Les mésanges avaient de quoi se divertir fort, car les hannetons étaient en abondance cette année. Des petits, des gros, d’un vol étourdi, venaient à chaque instant se cogner aux plats, aux carafes. Nyssia les chassait, les appelant sales bestiaux.

Tout à coup elle s’écria :

— « Mais il en pleut des z’hannetons ! »

En effet, les tables, le sable, le toit penchant de notre appentis étaient jonchés de hannetons, les uns sur le dos, remuant les pattes, les autres essayant de marcher et de déployer leurs élytres par-dessous lesquels, comme un pan d’habit qui déborde le paletot court des élégants, passait un bout d’aile fripée.

Et les hannetons tombaient toujours et là-haut, dans le plafond feuillu rempli de cris batailleurs et de bruits d’ailes, le vacarme des mésanges tournait à l’orgie.

— « Regardez voir, continuait Gogu, ça grouille encore et ça n’a plus de tête ; regardez voir, les sacrées mésanges leur z’y mangent tant seulement la cervelle, qu’est comme qui dirait le morceau fin. »

Horreur ! Gogu avait raison.

— « Encore un, encore un autre qui tombe ! »

Et, comme réjouie du massacre, Nyssia, avec une curiosité souriante, regardait tous ces hannetons vivants et décapités.

— « Allons-nous en, » fit La Feuilleaume.

Mais Nyssia voulut rester ; et pour la première fois de ma vie je remarquai qu’avec ses yeux de froid diamant, ses cheveux luisants, son front étroit et l’éclat de son rire clair, Nyssia, vaguement, avait quelque chose de la gentillesse cruelle des mésanges à tête noire.

Or, voici que l’autre matin, séduit par la promesse d’un beau jour, l’idée m’est venue de revoir La Feuilleaume et son ermitage.

L’ermitage est resté le même, mais combien je trouvai changé La Feuilleaume. La Feuilleaume triste n’est plus La Feuilleaume ! dès l’abord, il m’inquiéta.

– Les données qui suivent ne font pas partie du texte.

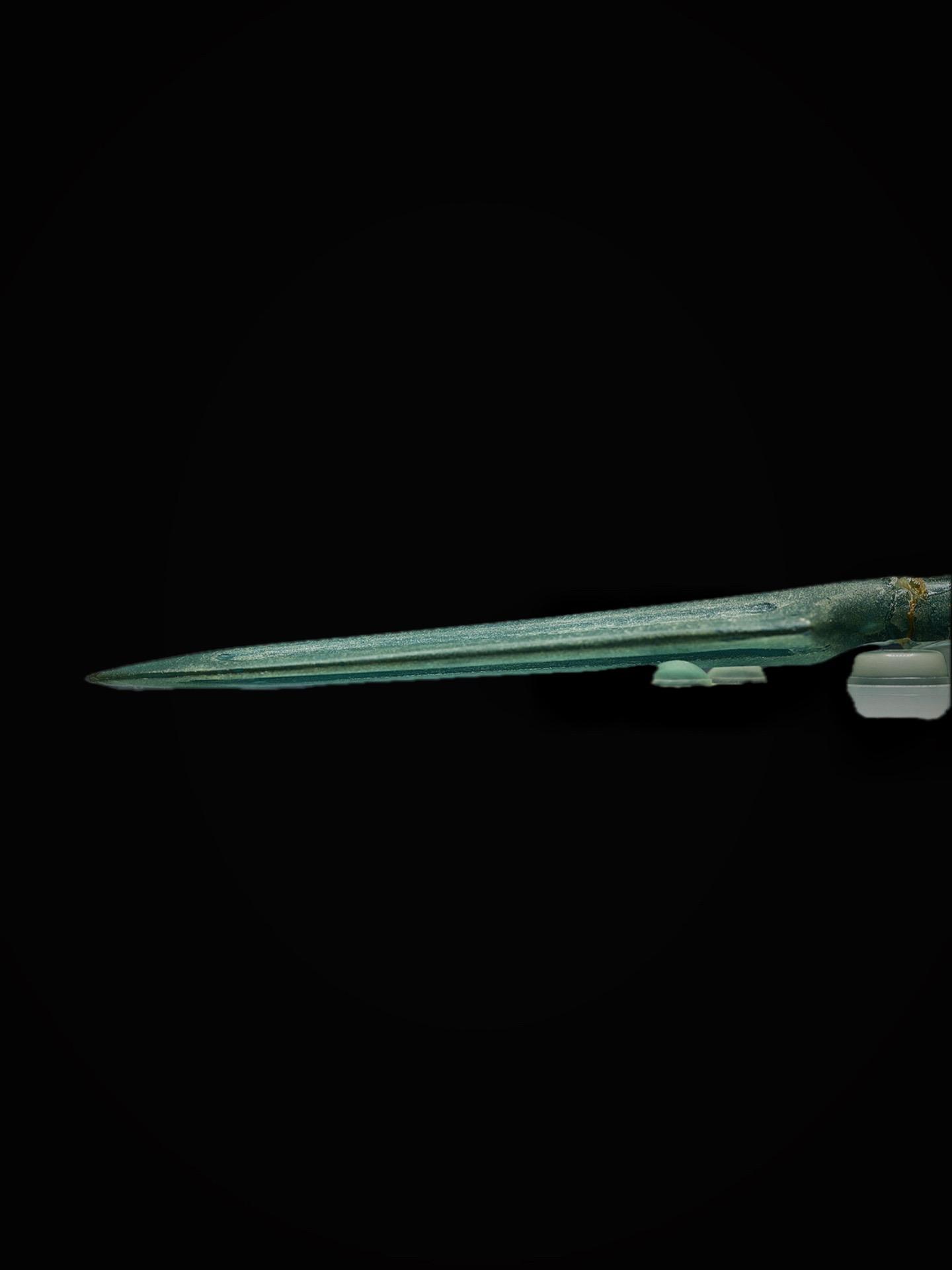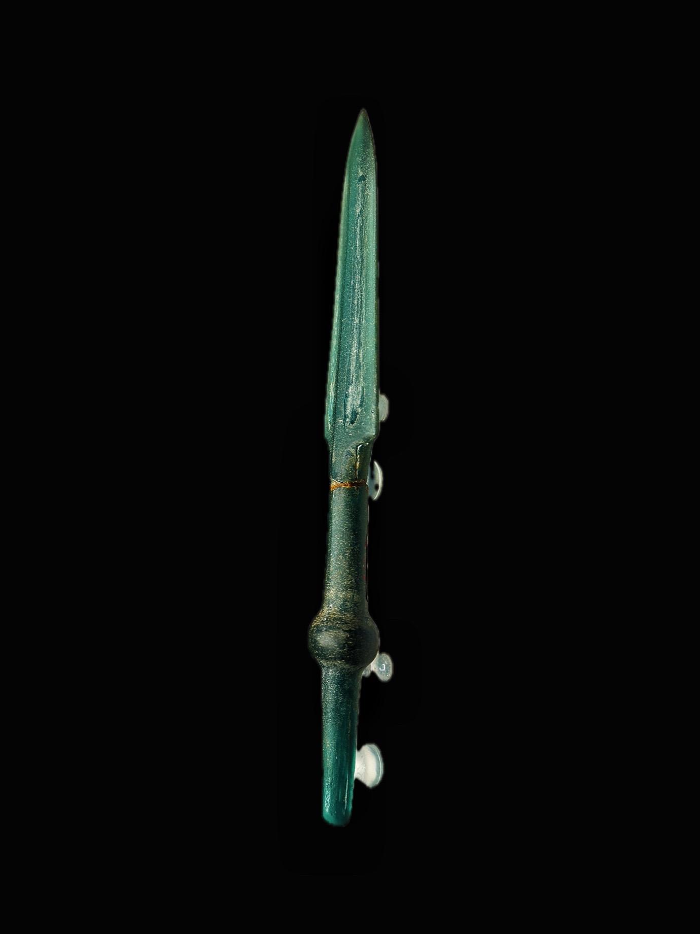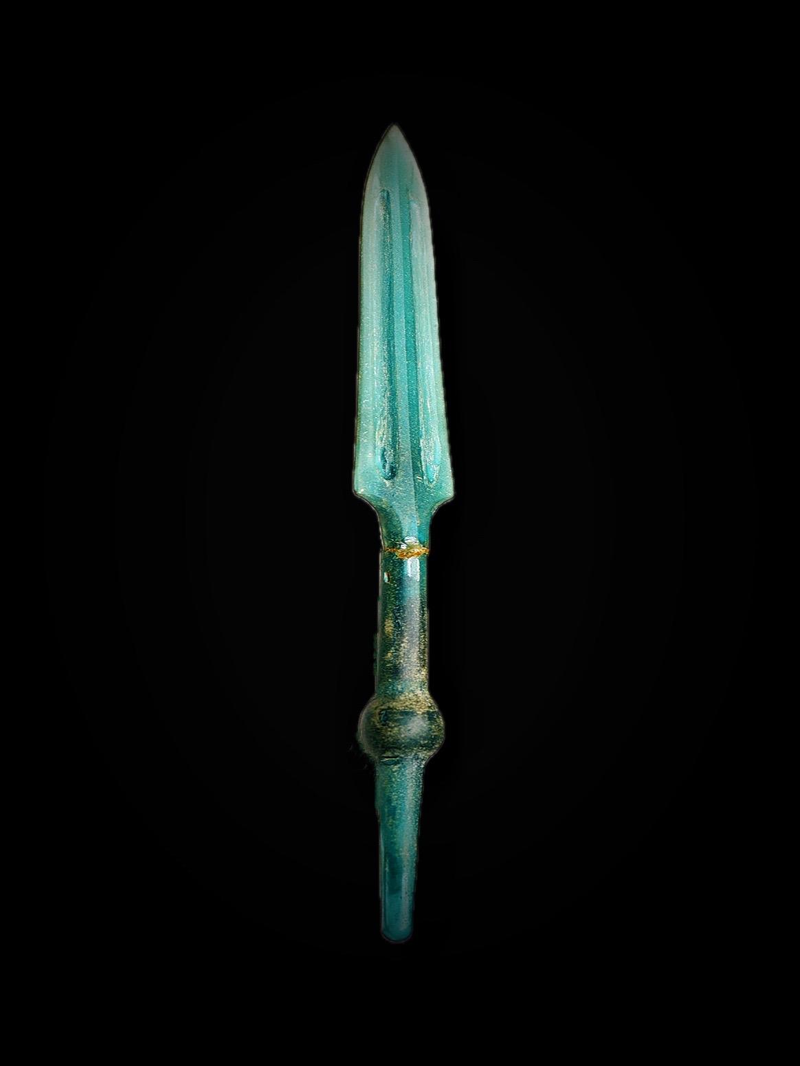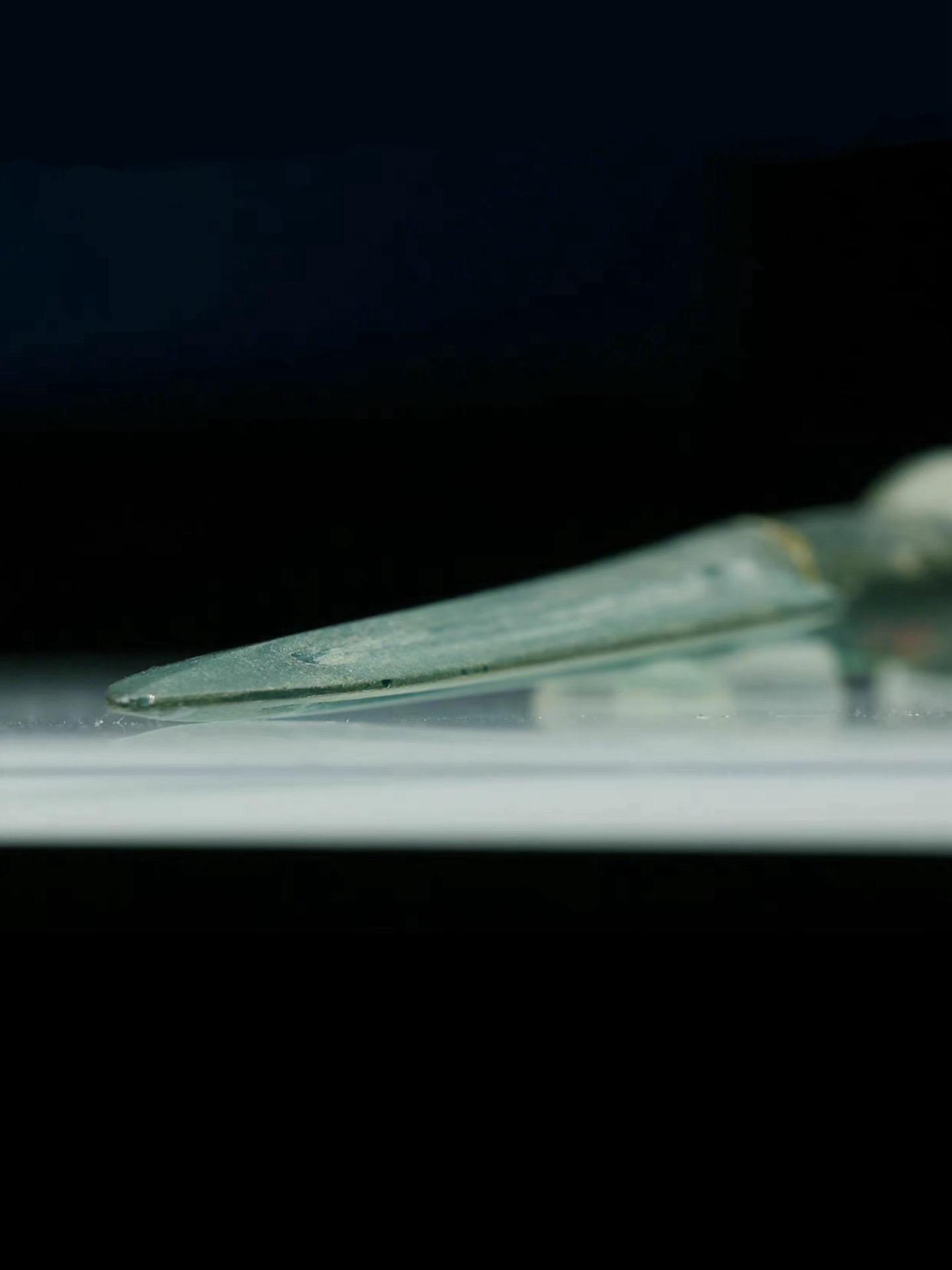这件翠绿色的矛由玻璃铸造,长18.8厘米、刃宽2.2厘米,1956年湖南长沙市沙湖桥M45出土,湖南博物院藏

Après une promenade sans gaieté, nous fîmes pourtant chez Gogu, dit le père des gros lapins, un dîner qui fut silencieux.

Une fois au dessert :

— « Et Nyssia ? demandai-je, heureux de me soulager d’une obsédante interrogation depuis le matin sur mes lèvres. »

La Feuilleaume me montra les arbres :

— « Nyssia ? hélas ! depuis hier, envolée comme les mésanges.

Il ajouta :

— « Te rappelles-tu les hannetons de l’année dernière ? c’est mon histoire avec Nyssia. Depuis qu’elle est partie, je crois vivre, je remue les pattes, mais la cervelle n’y est plus. Quel bec d’acier ont ces mésanges !… Allons, à ta santé, et ne mélancolisons pas.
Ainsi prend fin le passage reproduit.